IPOs: Wine Seller Jiuxian, Dangdang Write Off New York

Bottom line: Jiuxian’s decision to list in China and Dangdang’s continued effort to de-list from New York show that low-quality Chinese firms will have difficulty getting attention from US investors and are probably better listing in their home market.

Jiuxian wine cellar to list on China’s OTC

Two news items continue to show a growing distaste for New York by Chinese web firms, led by word that veteran online wine seller Jiuxian has just received approval for an IPO on China’s over-the-counter (OTC) board. The second items comes from veteran e-commerce site Dangdang (NYSE: DANG), whose outspoken CEO is quoted complaining about his company’s low valuation and saying his plans are moving forward to de-list from New York and re-list in China.

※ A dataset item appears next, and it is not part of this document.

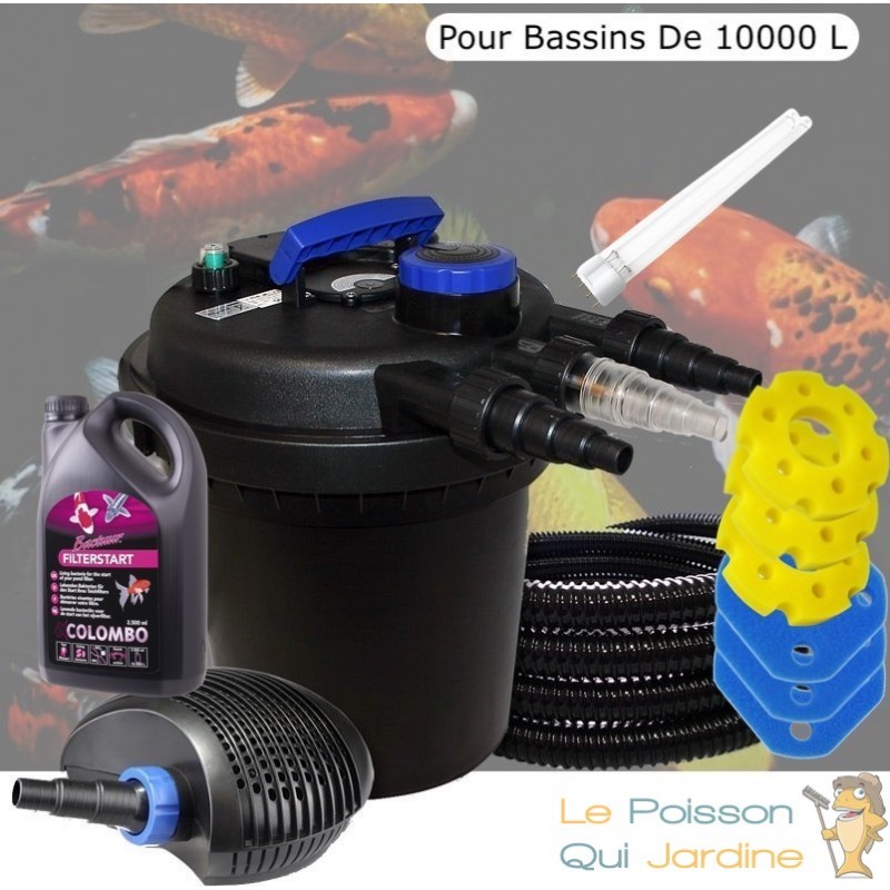 Nous vous proposons un kit promotionnel de filtration sous pression d'étangs et de pièces d'eau extérieures de 10000 litres sans poissons rouges et carpes koï. Pour un bassin avec des poissons, ce filtre de bassin convient pour une capacité de 5000 litres

The most commonly heard theme to these stories is that Chinese firms can get better valuations in their home market than New York, because their names are more recognized in China. But another theme that gets far less attention is that many of these complaining companies are simply low-quality products whose only real attraction is their “made in China” label.

Thus names like Jiuxian and Dangdang probably wouldn’t draw any attention at all from investors if they were US Internet companies, and their shares might fare even more poorly than they do now. But it’s always more convenient to blame investors for your woes, when perhaps leaders like Dangdang co-founder and CEO Li Guoqing should be looking in the mirror when deciding where to place blame.

Let’s begin with Jiuxian, which looked like a hot company when  it emerged 5 years ago as a first-mover into the hot market for selling imported wines online. But as often happens in China, the company ran into trouble when many others piled into the market, creating stiff competition. At the same time, the country’s wine craze has started to fade, especially with Beijing’s frugality campaign and as China’s economy slows.

As a result, Jiuxian was forced to go to private investors for its seventh funding round in July, and even then raised a relatively modest 500 million yuan ($78 million). (previous post) The company is also showing no signs of becoming profitable anytime soon, losing 287 million yuan last year and 53 million yuan in this year’s first quarter. Against that backdrop, it’s not hard to see why Jiuxian’s investors are probably becoming impatient and have pressured the company to list on China’s low-brow OTC market.

Not Ready for New York

A Jiuxian official revealed his company was approved for the listing on the board, also sometimes called the Third Board, on September 30. (Chinese article) The only other noteworthy thing in the report is a quote by an unnamed company official saying Jiuxian abandoned its earlier plans for a New York listing because its financials would have had difficulty meeting Nasdaq standards. The bottom line is that no investor likes a money-losing company regardless of whether it’s American or Chinese.

That takes us to Dangdang, China’s earliest US-listed e-commerce firm, whose own profit record is also quite spotty. The company was losing money for several years before briefly returning to the black, only to fall back into the loss column recently. Put simply, Dangdang squandered its early lead in China’s booming e-commerce market by failing to innovate, and is now just a tiny player well behind leaders Alibaba (NYSE: BABA) and JD.com (Nasdaq: JD).

But of course CEO Li Guoqing blames his company’s sagging shares on unappreciative investors, and in July Dangdang announced a plan to privatize with an eventual aim of re-listing in China. (previous post) The latest reports cite Li at an industry event detailing how undervalued his company is compared to other Chinese e-commerce firms. (Chinese article)

The reports also cite him saying he is moving ahead with his plan to privatize Dangdang, even though I’ve previously said up to half of the 3 dozen similar buyout offers announced this year could collapse due to volatility on China’s stock markets. Now that the markets appear to be stabilizing, perhaps some of these privatization plans will move forward. If that happens some US investors may be sad to see Dangdang leave, but most probably won’t even notice.